- Task prompt -
Would you please transcribe the listing exactly, with no images?

- Information shown -
===

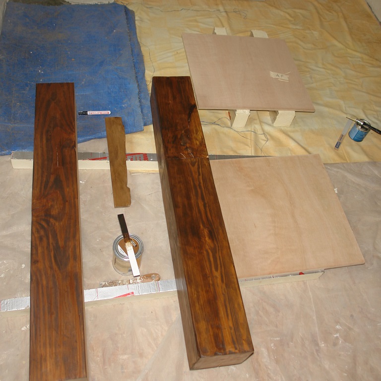 Nu duidelijk is waar de OSB-platen precies zitten, kan waar dat nodig is, het douglashout donkerder gemaakt worden. We waren hier al eerder mee bezig geweest, maar wisten toen nog niet precies waar de OSB-platen en ander hout zouden komen.
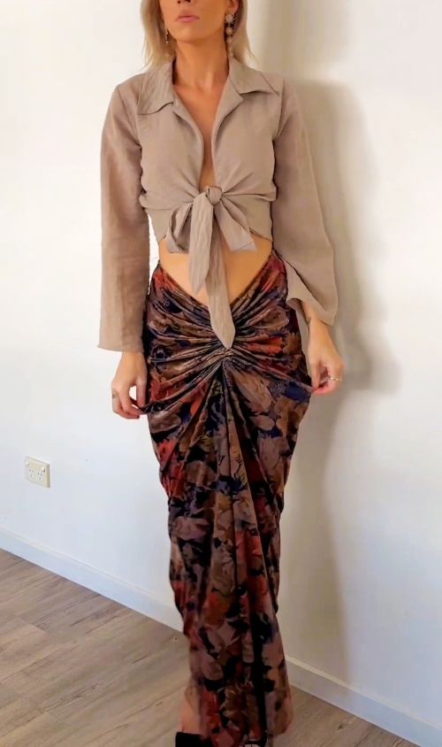 Start your sewing journey with this long, elegant skirt from Natsabb. The creator uses Lycra knit fabric with a beautiful sheen for a mesmerizing appeal.
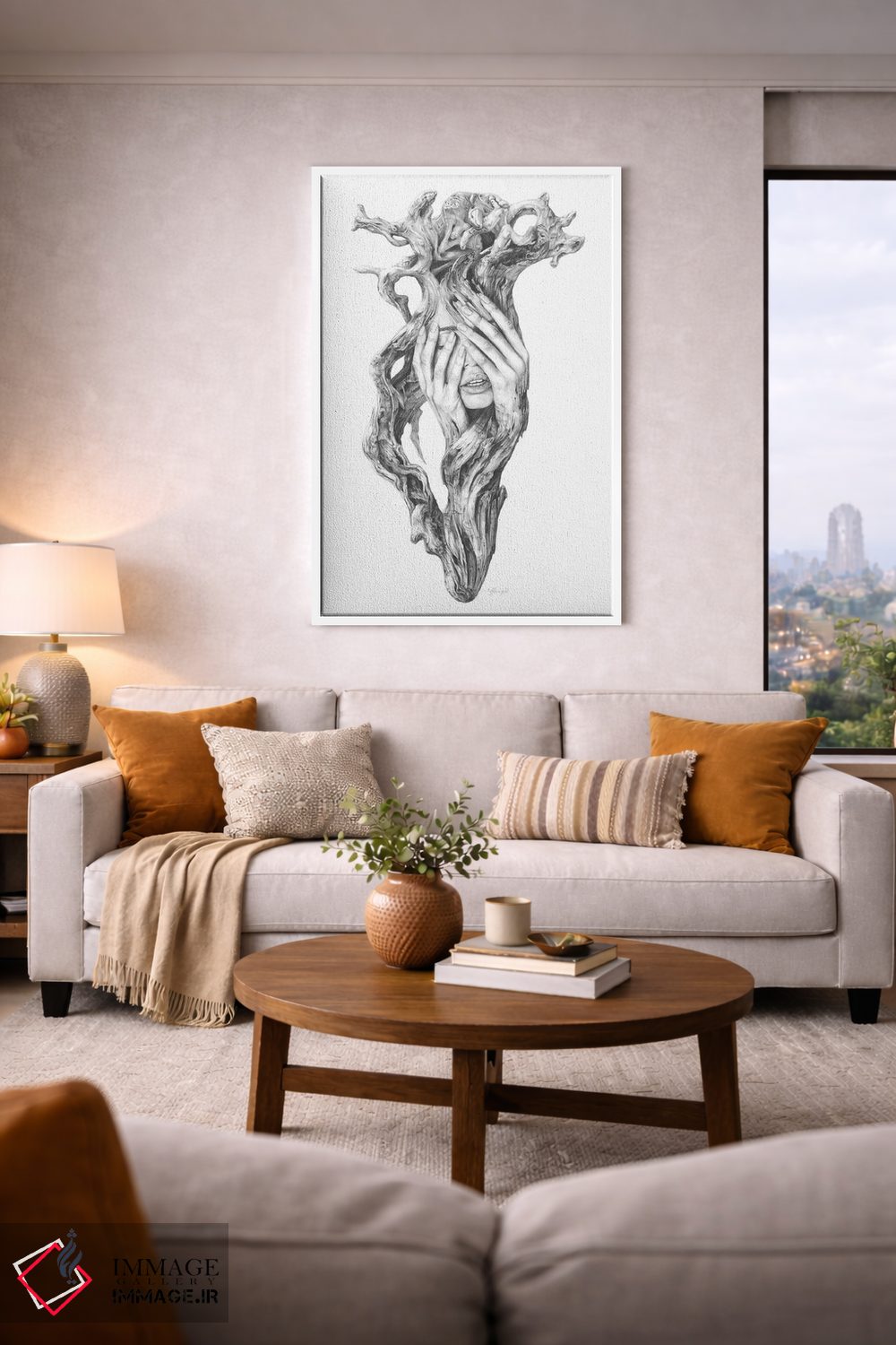 بوم گالری ایماژ نسخهی دکوراتیوِ سطحبالا از یک اثر هنری است؛ روی کنواس سفیدِ یکدست و بدون اسید با چاپ هنری به استاندارد جیکلی (Giclée) با رنگدانههای آرشیوی و سیستم رنگ دقیق؛ روی دیوار، کار یکدستتر و خوشکیفیتتر دیده میشود. اسمبل تمیز و آمادهی نصب؛ کشیدگی استاندارد روی کلاف و یراق مناسب.

===

- Answer box -
 Nu duidelijk is waar de OSB-platen precies zitten, kan waar dat nodig is, het douglashout donkerder gemaakt worden. We waren hier al eerder mee bezig geweest, maar wisten toen nog niet precies waar de OSB-platen en ander hout zouden komen.
 Start your sewing journey with this long, elegant skirt from Natsabb. The creator uses Lycra knit fabric with a beautiful sheen for a mesmerizing appeal.
 بوم گالری ایماژ نسخهی دکوراتیوِ سطحبالا از یک اثر هنری است؛ روی کنواس سفیدِ یکدست و بدون اسید با چاپ هنری به استاندارد جیکلی (Giclée) با رنگدانههای آرشیوی و سیستم رنگ دقیق؛ روی دیوار، کار یکدستتر و خوشکیفیتتر دیده میشود. اسمبل تمیز و آمادهی نصب؛ کشیدگی استاندارد روی کلاف و یراق مناسب.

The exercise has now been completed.